Did you go into this project thinking you were going to write a compelling story about friendship, or a compelling story about love?

Game writing is weird and unlike other kinds of writing, because you have to think discursively. If you’re really going to embrace player agency in the narrative, you have to think about multiple branches simultaneously. I think in writing Rachel, it was important to us to try to do both of those things – to say we’re going to tell a love story and we’re going to tell a story about best friends. But what we’re really telling a story about is neither love or friendship; it’s about people that completely change your life. And that can be love and that can be platonic. 

Before the Storm has one of the best queer love stories I’ve seen in games. What kind of research went into that?

A lot. I think when you’re writing anything, research is important. Anytime you’re talking about experiences not your own, and I’m speaking about myself in this, research is absolutely vital. Research and humility. But I do think there’s a gentleness that’s required and a recognition of boundaries, perspectives, and biases. I’m not a 16-year-old girl – I’ve never struggled with those experiences or my sexuality in that particular way. So, I’m writing from a place of immense ignorance in that. But we have a writer’s room. I’m not the only writer – there are four of us. Half of us are female and there are members of the room and of the studio as a whole that identify within the LGBT community. We leaned on their perspectives and insight.  We read a number of things online and just thought really carefully. 

We chose not to tell a coming out story, and we did that for a lot of reasons. One of the most consistent pieces of feedback I got about this was people really wanted to see gay characters, queer characters, whose queerness was the least interesting thing about them. There’s a story we could have told about that, absolutely, and that could be a really fruitful story but that’s not the story we were going to tell. We were going to treat queerness as incidental, as matter-of-fact. Not casually and not disregarding the intricacies, but we let that not be the most important thing going on. When they kiss, it’s just going to be a romantic kiss. And we set it up to be as lovely and as crazy and awesome as it could be and just not care about the fact that it’s two girls.
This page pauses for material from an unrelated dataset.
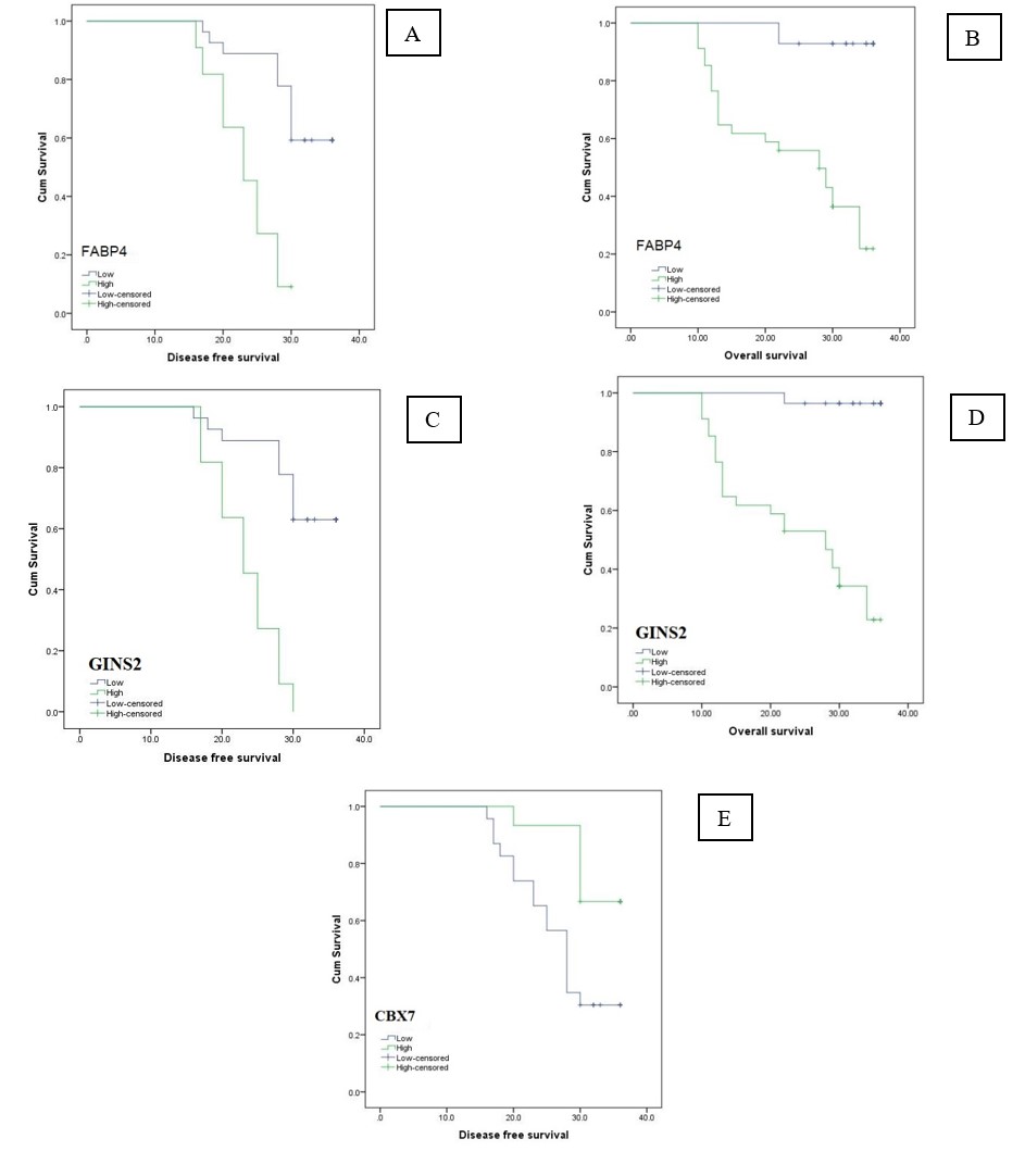 Sections from paraffin blocks of included cases were incubated with rabbit monoclonal anti-FABP4 antibody (1:50 dilution; Proteintech, 12802- 1-AP, China), anti-GINS2 antibody (1:600; HPA057285; Sigma) and anti-CBX7 (1:200 dilution; ab2187 (12-17)3; Abcam, Cambridge, UK). Markers expression was evaluated by assessment of intensity and extent of the stain: staining intensity (no = 0, weak = 1, moderate = 2, strong = 3) and extent (no = 0, less than 30% = 1, between 30 and 60% = 2, more than 60% = 3). The final stain index was reached by multiplication of the stain intensity and extent scores, reaching values of 0-9. A stain score ≥4 indicates high expression; a score of <4 indicates low expression.

That resonated with fans and members of the community in a way that we’re all just really grateful for. We wanted to tell a story, we wanted to find the boundaries of where games are intersecting with these communities and really push them. And anytime you do that, there’s a risk of insensitivity, there’s a risk of a mistake, there are all sorts of risks. And I think that’s okay – we should take these risks.
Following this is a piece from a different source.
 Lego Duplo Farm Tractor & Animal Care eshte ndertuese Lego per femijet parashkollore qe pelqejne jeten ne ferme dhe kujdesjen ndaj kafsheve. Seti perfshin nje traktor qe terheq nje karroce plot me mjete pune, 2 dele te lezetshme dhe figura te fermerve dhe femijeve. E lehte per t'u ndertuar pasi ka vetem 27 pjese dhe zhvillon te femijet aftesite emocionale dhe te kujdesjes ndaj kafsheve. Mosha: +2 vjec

In terms of feedback you received on that topic, do you look back and think that there’s anything you would have done differently?
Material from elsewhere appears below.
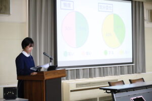 3年生が自分で設定したテーマを1年かけて探究した成果を、1,2年生に発表しました。

No, I don’t think so. There are questions I still have. Choosing to end the story with Rachel’s fate was a very deliberate thing that we did. [Some fans] reacted with pain about it. And we thought that would happen. The game itself really is a pleasant fiction, because we know Chloe’s fate. We know Rachel’s fate. What we wanted to explore with this love story, in this little window of time, was the brilliant joy that Chloe had in Rachel but at the end, we remind you that it was temporary and that it wasn’t going to last. We made a spectacle of her grief in episode one, by the end in that final scene, maybe you’re feeling it in a way you wouldn’t have just from her telling you that she was grieving. We wanted to see what the medium could do with that. And I’m proud of what we accomplished, and at the same time, I don’t love that it hurt people because it was such an intense experience. We just want to think about the kinds of connections we’re building with the interactive stories and how to be mindful. I don’t think we did anything wrong, I just want to continue to be thoughtful about what we’re doing because as an industry, we don’t really understand what we’re making still. We’re still figuring it out.